第2次トランプ政権が一筋縄ではいかないこれだけの理由、新閣僚候補6人の「厄介な人物像」とは?
■ 1カ月前倒し人事でいきなり飛び出した「爆弾宣言」 来年(2025年)1月20日に米国で発足する第2次トランプ政権の動きは、2016年の第1次と比べてとても早い。前回より1カ月は前倒ししたスケジュール感で次々と閣僚レベルの人事を固めてしまった。 【写真】厄介な言動で問題視される人も…内定している第2次トランプ政権の顔ぶれ まず、トランプ政権の組閣を見る際にとても重大なことが11月初めに起きたことを押さえておきたい。 トランプ氏は11月5日の米大統領選挙の投票日から2日後の7日にロシアのプーチン大統領と電話会談していたとワシントンポスト紙にすっぱ抜かれた。この電話についてロシア大統領府報道官のドミトリー・ペスコフ氏は、「電話はなかった。でたらめだ」と完全否定しているが、トランプ政権側は結局否定も肯定もしなかった。事実を述べているのはアメリカ側だと考えられる。 と言うのも、この電話がトランプ陣営の人事に絡んでいるのでは? と思わせる動きがあったからだ。11月9日、トランプ次期大統領は突然自分のトゥルース・ソーシャルで、新政権に第1期目で活躍したニッキー・ヘイリー元国連大使と前政権で国務長官やCIA(米中央情報局)長官を務めたマイク・ポンペオ氏を起用しないと表明したのだ。 これは厄介な事態だと筆者は考えた。この2人を起用されて困る外国の首脳で、トランプ氏に直訴した可能性がある人間と言えば、ロシアのプーチン氏ぐらいしか思い浮かばないからだ。このSNSでの見解公表からバタバタと閣僚の指名が始まった点も考え合わせると、ヘイリー氏とポンペオ氏という2人をプーチンが嫌ったので外さざるを得なかったという見方が出てくる。 もっともトランプ氏自身が「以前の彼らとの仕事を非常に楽しんで、感謝もしている」と言い訳のように付け足して書いた他の理由も見つからない。

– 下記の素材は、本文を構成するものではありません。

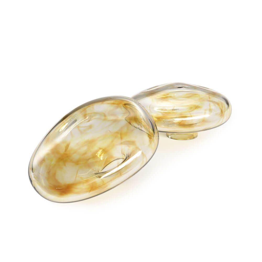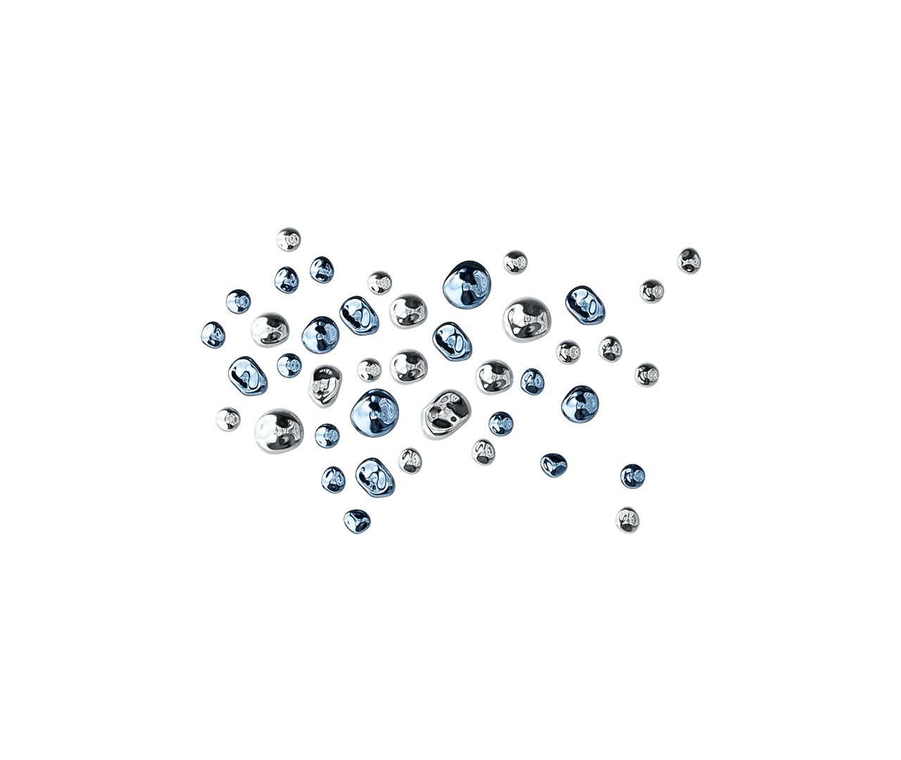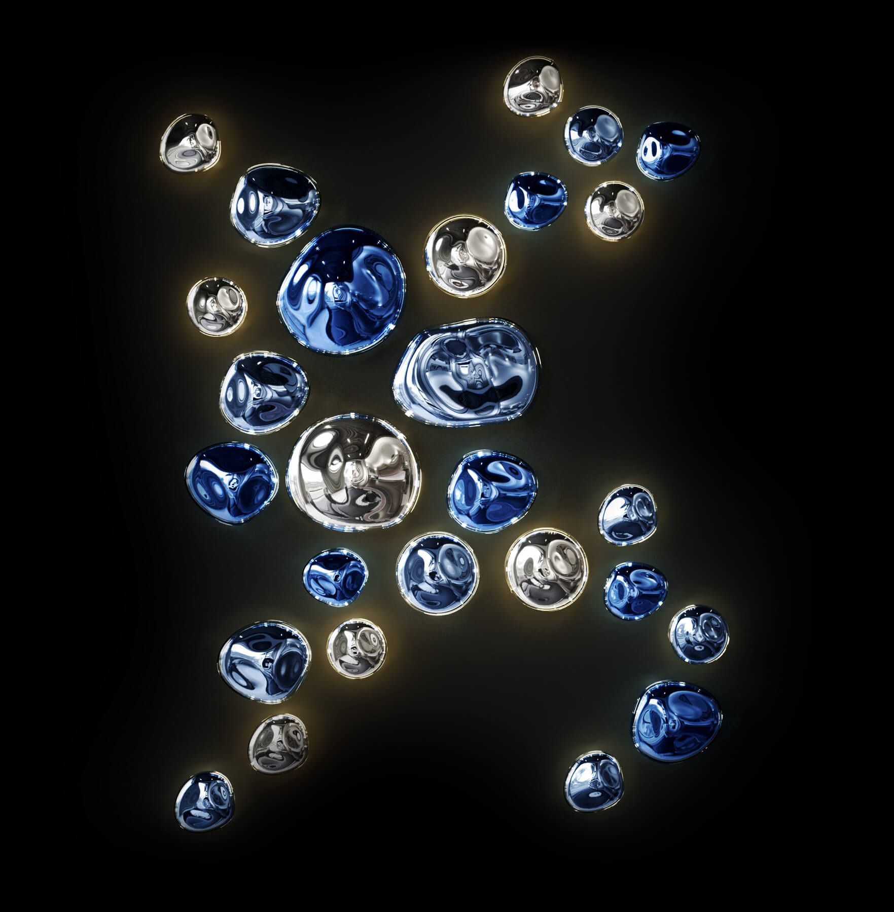 The Nuggets collection draws inspiration from raw, naturally formed lumps of gold and other precious metals found deep within the earth. Each crystal component is individually handblown and uniquely shaped, then finished with a reflective metal nanocoating. Every piece is one of a kind, allowing Nuggets to adorn any wall in captivating patterns.
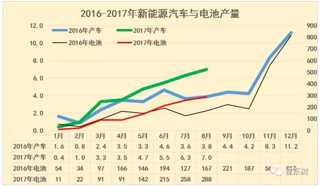 17年新能源車(chē)需求持續(xù)增長(zhǎng),形成對(duì)產(chǎn)業(yè)鏈的良好拉動(dòng),目前的1-8月的新能源汽車(chē)環(huán)比上月都是持續(xù)增長(zhǎng),逐步緩解各方的焦慮心態(tài)。
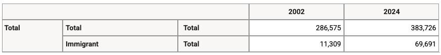 So let’s look at the big picture first. Migration is not a recent phenomenon in Iceland: looking at the net migration figures, the number of foreign citizens has been steadily increasing since the mid-1990s5, decreasing momentarily only in 2009 and 2010 - presumably as a consequence of the financial crash of 2008. Since then, there have been three peaks of new arrivals: one in 2006, one in 2017 and one in 2022. In 2024 more than 69 thousands foreign citizens were living in Iceland, making up 18.1% of the total population. When the movie came out in 2002 the percentage of foreign nationals was around 4%.

■ 第2次トランプ政権はワシントンの「アウトサイダー」になる? 筆者はとても厄介な第2次トランプ政権のポイントを次のように考えている。 まず、トランプ氏はワシントンの「アウトサイダー」として政権を治める覚悟を決めたと言えることだ。 2016年の第1次政権スタート時にはアメリカ政治、あるいはワシントンに詳しい自分のアドバイザーや自分を支える人間を閣僚に指名した。ジャレッド・クシュナー夫妻(妻は娘のイヴァンカ)のような身内とスティーブ・バノン氏やマイケル・フリン氏などトランプを利用して政権のイデオロギーに影響を与えたい人間を首席戦略官や国家安全保障担当補佐官にしたが、彼らは第2次政権では完全に表舞台から姿を消すことになった。 トランプ政権の奥の院には存在していても、日々、トランプ政権を動かすことはしないという立場に祭り上げられたのである。 これは、トランプ氏が第2次政権をワシントンのアウトサイダーとしてコントロールすると決めたことを示していると考えられる。政権そのものが、ワシントンの泥沼(スワンプ)に巣食う官僚という名の生物を駆逐すると言っているので、アウトサイダーにならざるを得ないのだろう。 これには首席補佐官になったスージー・ワイルズ氏の思惑も関係しているかもしれない。 と言うのも、ワイルズ氏は大学を出て27歳で得た共和党での初仕事として、レーガンをホワイトハウスで支える一人として働いた経験を持つ。ワシントンのアウトサイダーとして大統領を務めたレーガン氏は、いまや「冷戦の終結」というレガシー(政権の遺産)を残し、共和党員、民主党を問わず全国民に愛される大統領として歴史に名を残している。 自分も2期目は全てのアメリカ国民に愛される存在になりたいと考えるトランプ次期大統領が無理に自分をワシントンに合わせず、レーガン氏のようにアウトサイダーの視点から第2次政権を運営しようと考えたのは理にかなっている。それはまた、トランプ氏をこの先レーガン元大統領に寄せていきたいワイルズ首席補佐官の考えとも合致する。